Adding green infrastructure, such as urban gardens and green roofs, to underused or abandoned spaces is one way to inject greenery into Asia’s dense cities. But greening the city should not come at the cost of social equity. In Mumbai, high-end development in mangrove areas has forced out the surrounding community. As green amenities expand across cities, they tend to drive up housing prices and push out low income or informal residents without land and legal rights.
Local leaders and urban planners need to consult and involve communities in making green spaces accessible and fair. This also allows their communities to feel more ownership and pride in maintaining such spaces, while helping bridge the gap between the city’s haves and have-nots.
As global warming threatens lives around the world—especially in Asia—we’re running out of time to curb emissions. Asia’s need for trees and greenery has never been stronger.
The Intergovernmental Panel on Climate Change (IPCC) predicts that the world is set to blow past the 1.5 degree Celsius warming threshold by 2040. More erratic and extreme weather will soon rage across the globe, with devastating effects on the most vulnerable.
Nearly a third of the world already suffers deadly heat episodes of 20 days or longer each year. More will unless cuts to greenhouse gas emissions are made. By 2050, between 500 to 700 million people in South Asia will likely face a 20 percent higher incidence of lethal heat waves.

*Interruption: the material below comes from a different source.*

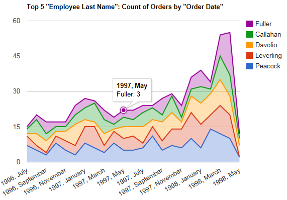 Column fields can be sorted with the same keywords. For example, the chart below shows the top 5 employees making orders over the Order Date. It appears “Peacock” made the most orders in this time period.
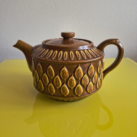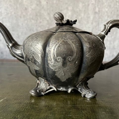 Klassisk victoriansk sølvplet tekande med udsmykket kanthusbladdekoration på tud og håndtag, et centralt ætset kransedesign og en topknop. Har en god hældemekanisme. Nogle mindre overflade-slid, generelt god kvalitet og stand.

Trees and foliage cannot solve everything, but they have become the infrastructure of life and death in the fight against climate change. Equitable green spaces are critical in the fight against rising temperatures, air pollution levels, and mental health crises. Cooped up indoors as the COVID-19 pandemic continues, Asia’s city dwellers need trees more than ever—but they must grow and protect them together.